Dataset records
□ □ □ □

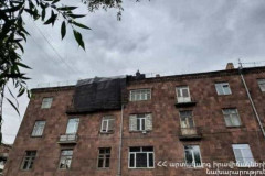 Ուժեղ քամին Գյումրիում պոկել է Ղանդիլյան փողոցի շենքերից մեկի տանիքի թիթեղները
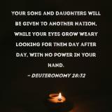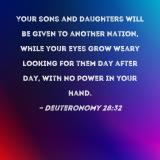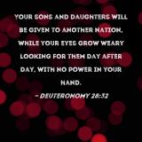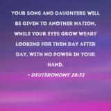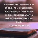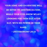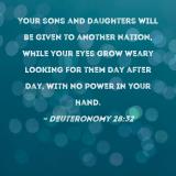 Your sons and daughters will be given to another nation, while your eyes grow weary looking for them day after day, with no power in your hand.
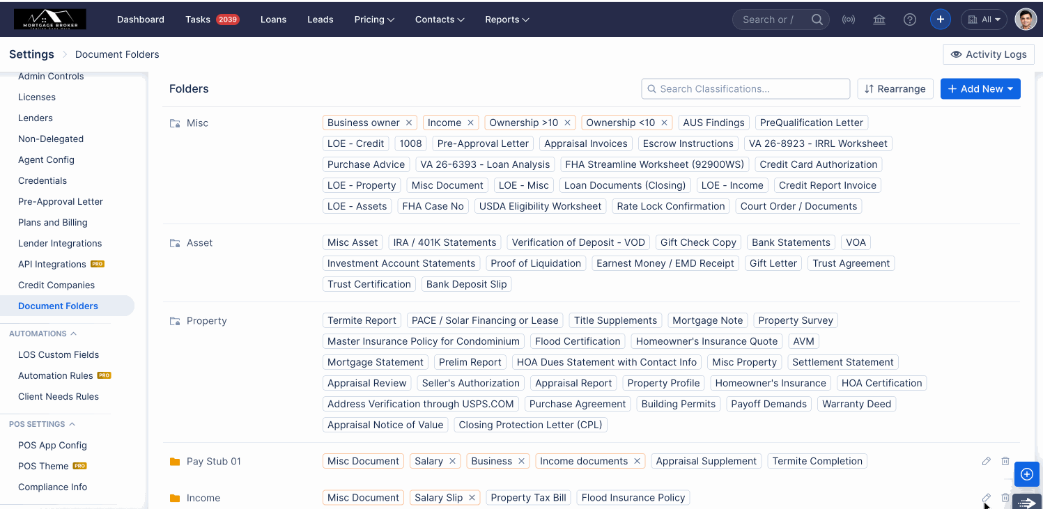 - Admins can create and manage folders and classifications across LOS / POS / Realtor directly from Company Settings.
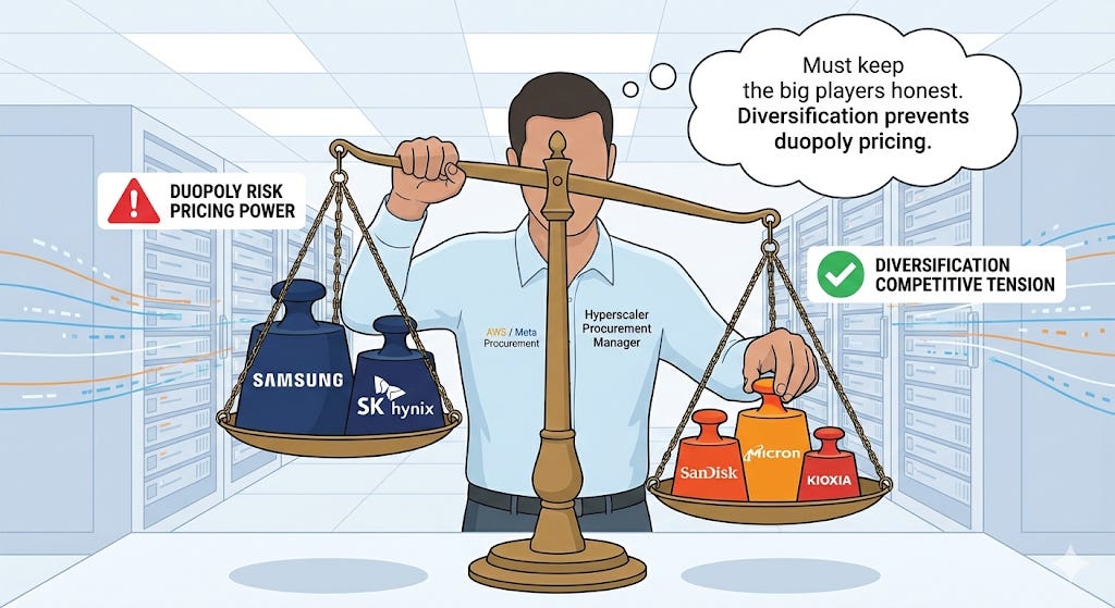 This is where SanDisk becomes strategically valuable—and here we’re moving from observed facts to strategic hypothesis: hyperscalers likely can’t let SanDisk fail without ceding pricing power to Samsung and SK Hynix. This doesn’t mean SanDisk can price arbitrarily—it means SanDisk gets qualified, receives allocation during tight markets, and potentially captures premiums for being the diversification option.
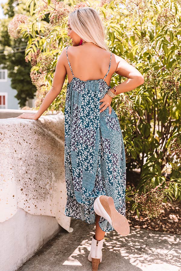 Your summer style is sure to bloom when you wear this stunning ocean blue colored midi dress featuring lightweight breezy material patterned with a cute floral print, a straight neckline with ruffled trim detailing, adjustable spaghetti straps, and an ultra relaxed silhouette that falls into a wide peplum bottom with an uneven mid-calf length hemline! We have styled this darling piece with a stone hued wedged bootie and a woven tote, but you can also wear it layered under a jean jacket with "The Jess Faux Leather Heel in Natural," our "Plans In Paris Wool Hat in Cream!" Measurements
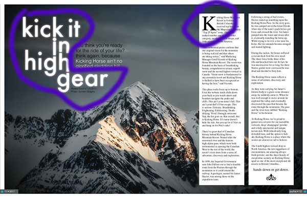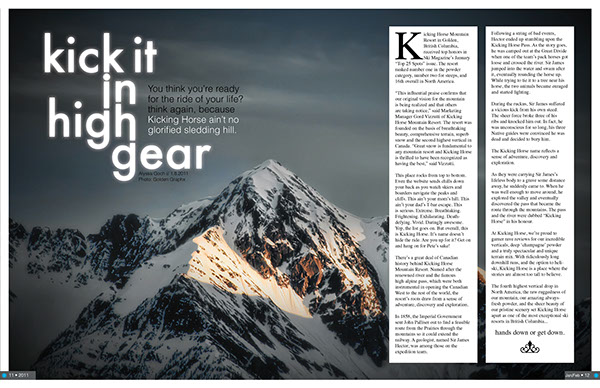 Using the photography of Leading Lines, Rule of thirds, and Depth of field along with the two different typefaces of Slab serif and Oldschool I think the magazine spread is appealing to the eye and draws the audience in to want o read about this adventure of skiing on the mountain “Kicking horse”.

□ □ □ □

__ACTIVITY__:
Leaving the images out, print the records above exactly.

__TASK ANSWER__:
 Ուժեղ քամին Գյումրիում պոկել է Ղանդիլյան փողոցի շենքերից մեկի տանիքի թիթեղները
 Your sons and daughters will be given to another nation, while your eyes grow weary looking for them day after day, with no power in your hand.
 - Admins can create and manage folders and classifications across LOS / POS / Realtor directly from Company Settings.
 This is where SanDisk becomes strategically valuable—and here we’re moving from observed facts to strategic hypothesis: hyperscalers likely can’t let SanDisk fail without ceding pricing power to Samsung and SK Hynix. This doesn’t mean SanDisk can price arbitrarily—it means SanDisk gets qualified, receives allocation during tight markets, and potentially captures premiums for being the diversification option.
 Your summer style is sure to bloom when you wear this stunning ocean blue colored midi dress featuring lightweight breezy material patterned with a cute floral print, a straight neckline with ruffled trim detailing, adjustable spaghetti straps, and an ultra relaxed silhouette that falls into a wide peplum bottom with an uneven mid-calf length hemline! We have styled this darling piece with a stone hued wedged bootie and a woven tote, but you can also wear it layered under a jean jacket with "The Jess Faux Leather Heel in Natural," our "Plans In Paris Wool Hat in Cream!" Measurements
 Using the photography of Leading Lines, Rule of thirds, and Depth of field along with the two different typefaces of Slab serif and Oldschool I think the magazine spread is appealing to the eye and draws the audience in to want o read about this adventure of skiing on the mountain “Kicking horse”.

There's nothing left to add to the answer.